The one thing I can't let go of, the one thing that keeps me holding my head up high. It's like the very last string holding this puppet upright.

It is that I once was a Queen, I ruled my friends, I was their leader. I gave them guidance, I gave them power. I was the thing to be. I was strong despite everything, I was smart, too.

And then my castle came tumbling down. I pushed and pulled the stones out of the mortar. I threw vases filled with wilting flowers at the wall and watched the glass glimmer and the flowers gasp as they drowned in air

I tore my castle apart, I couldn't stand the look of the walls looking to enclose me like a tomb, the steepness of the stairs that always seemed to want me to tumble to my death, the sad reminder in pictures of once was compared to what is now hanging on the same wall, trying to strangle me with grief.

And more and more, I couldn't stand the people who lived in my castle with me. Those who faked smiles, who seeked to hurt me, who wanted my kingdom to turn to ash. Who wanted to control me in the worst of ways.

I was once Queen. I once held my head high. I once believed in the power of myself, with my friends by my side.

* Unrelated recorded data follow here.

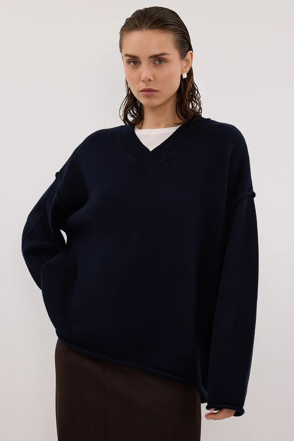 FLINT INK V NECK KNIT JUMPER
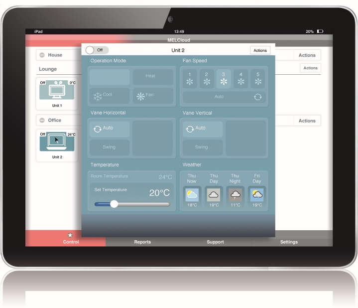MELCloud è il sistema di controllo wi-fi basato su Cloud Computing di Mitsubishi Electric che permette di gestire e programmare il funzionamento dell’impianto di climatizzazione attraverso un’app. In questo modo gli utenti possono programmare i climatizzatori o le pompe di calore con smartphone o tablet, sia quando sono fuori casa o comodamente seduti sul divano.…
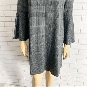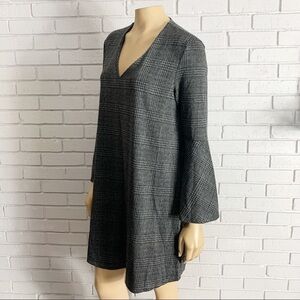 Dress by Mango, easily dressed up or down. All-over checked print, V-neck, Flared sleeves, Slip-on style, Regular fit, A standard cut for a classic shape. Length 34”. Armpit to armpit measurement lying flat 21”. Never worn.
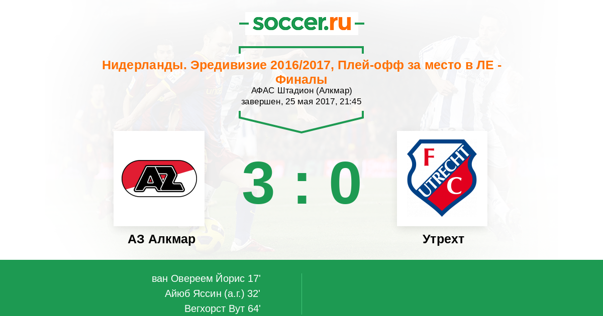 Нидерланды. Эредивизи 28.05.2017 Утрехт Логотип футбольный клуб Утрехт 3:0 (4:3) Логотип футбольный клуб АЗ Алкмар АЗ Алкмар
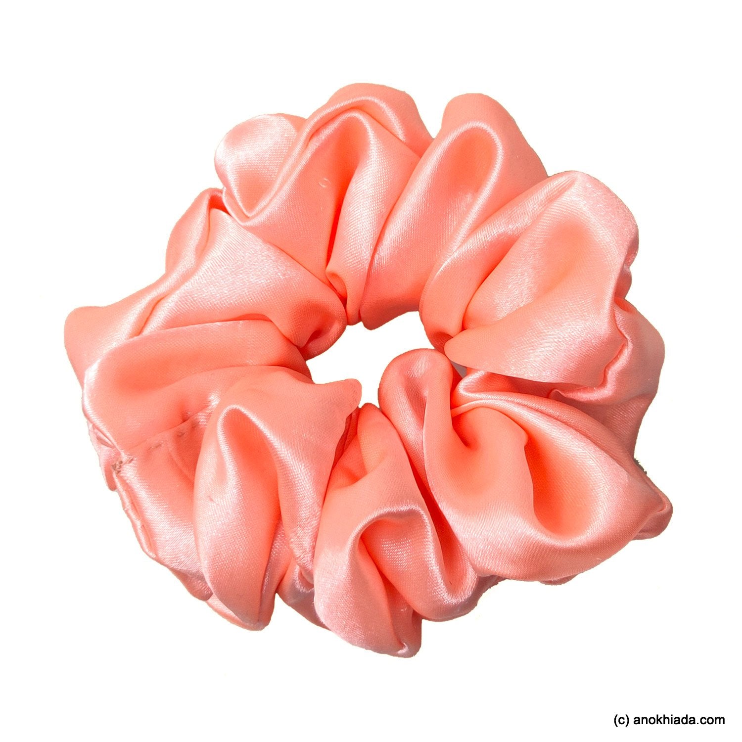 These scrunchies are made of satin. We make them super comfy for your hair as well as your hand. The colour of the scrunchie is Peachy Keen.
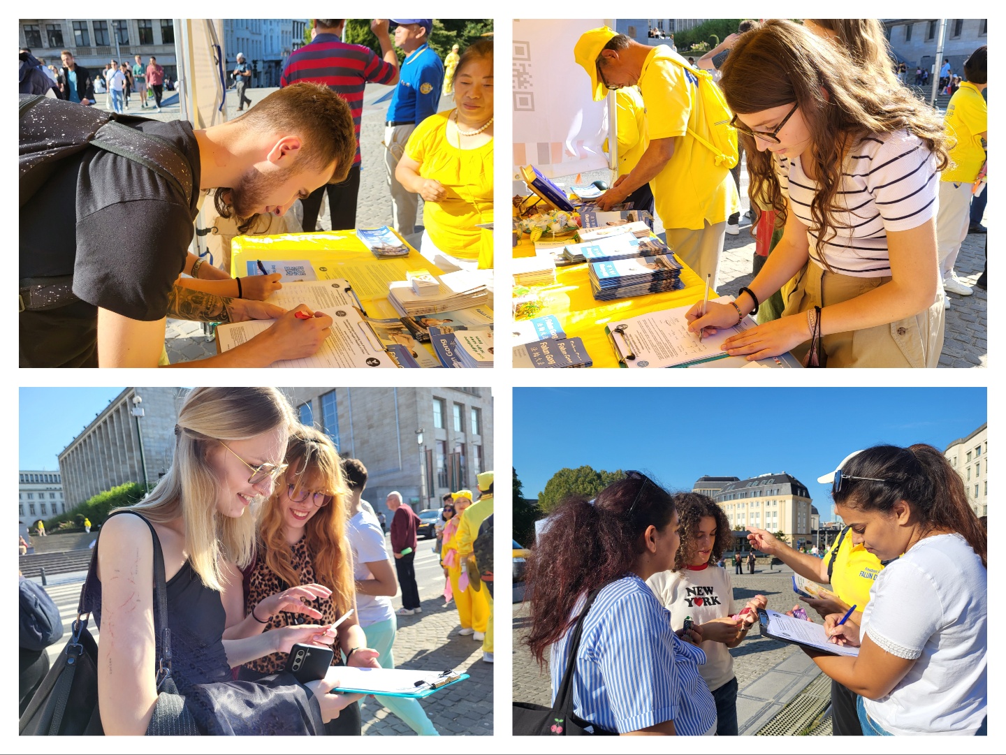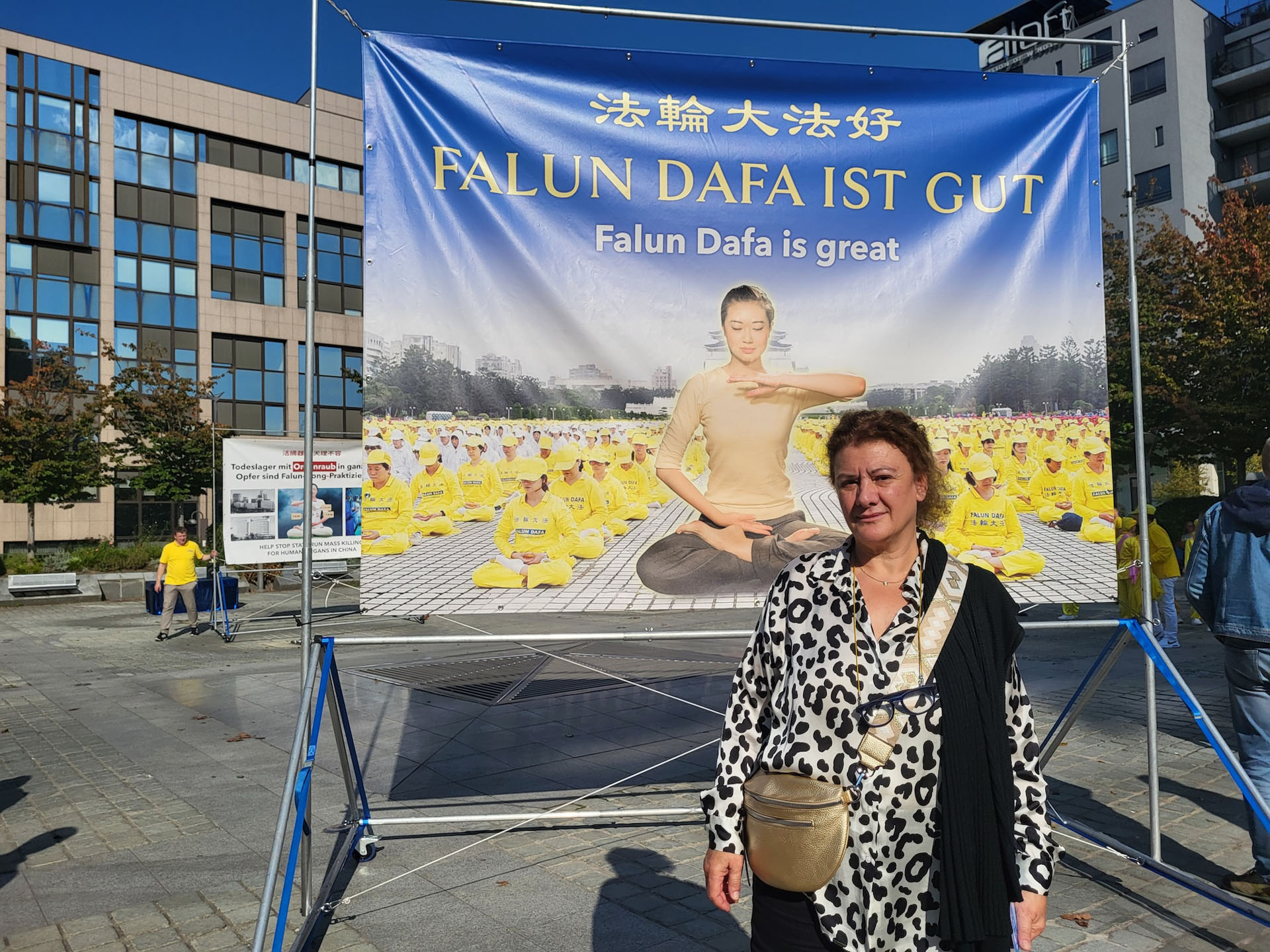 在明白了真相后,伊内斯立即签名制止迫害。她说:“我签名,因为对我来说这(迫害)是不正常的,是应该停止的事情。迫害,折磨好人,太可怕了,迫害必须停止。希望我的签名,可以帮助制止这场迫害。” 当听说在此炼功的法轮功学员来自多个欧洲国家,伊内斯觉得很好,她认为,学员来到这里向人们表达了良好的价值观,展示了一个良好的环境。她说:“他们用行动善意地告诉人们法轮大法好,迫害必须停止。” 学员告诉她法轮功网站有更多的资料,而且所有相关书籍免费下载。她对学员说:“我将告诉人们发生的这件事情,包括亲朋好友,我要上网站上更好地了解法轮功,并要查看功法和书籍。谢谢你!”
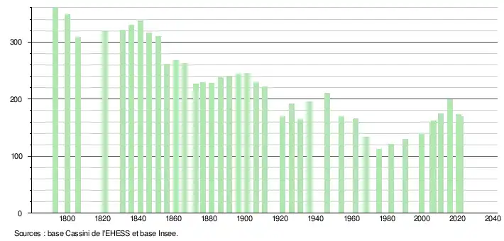 L'évolution du nombre d'habitants est connue à travers les recensements de la population effectués dans la commune depuis 1793. Pour les communes de moins de 10 000 habitants, une enquête de recensement portant sur toute la population est réalisée tous les cinq ans, les populations légales des années intermédiaires étant quant à elles estimées par interpolation ou extrapolation[21]. Pour la commune, le premier recensement exhaustif entrant dans le cadre du nouveau dispositif a été réalisé en 2005[22].

Now my crown is gone, stolen by someone who doesn't deserve it. The weight of the missing crown threatens to bend my chin towards the floor, but I can't, I won't, allow it. I now have to believe in the power of myself, without my friends by my side. I have to build my very own castle from the ground up.

Despite all this, I know I am still a Queen. I know that I still rule- though it may be of myself rather than others. I guide myself through treacherous seas, and I do a pretty good job of it still.

So I'll find a new crown to hold upon my head, and I'll wear it with pride.

And with that, everyone will know that, though disposed and my throne stolen, I am still Queen. There's not a second guess.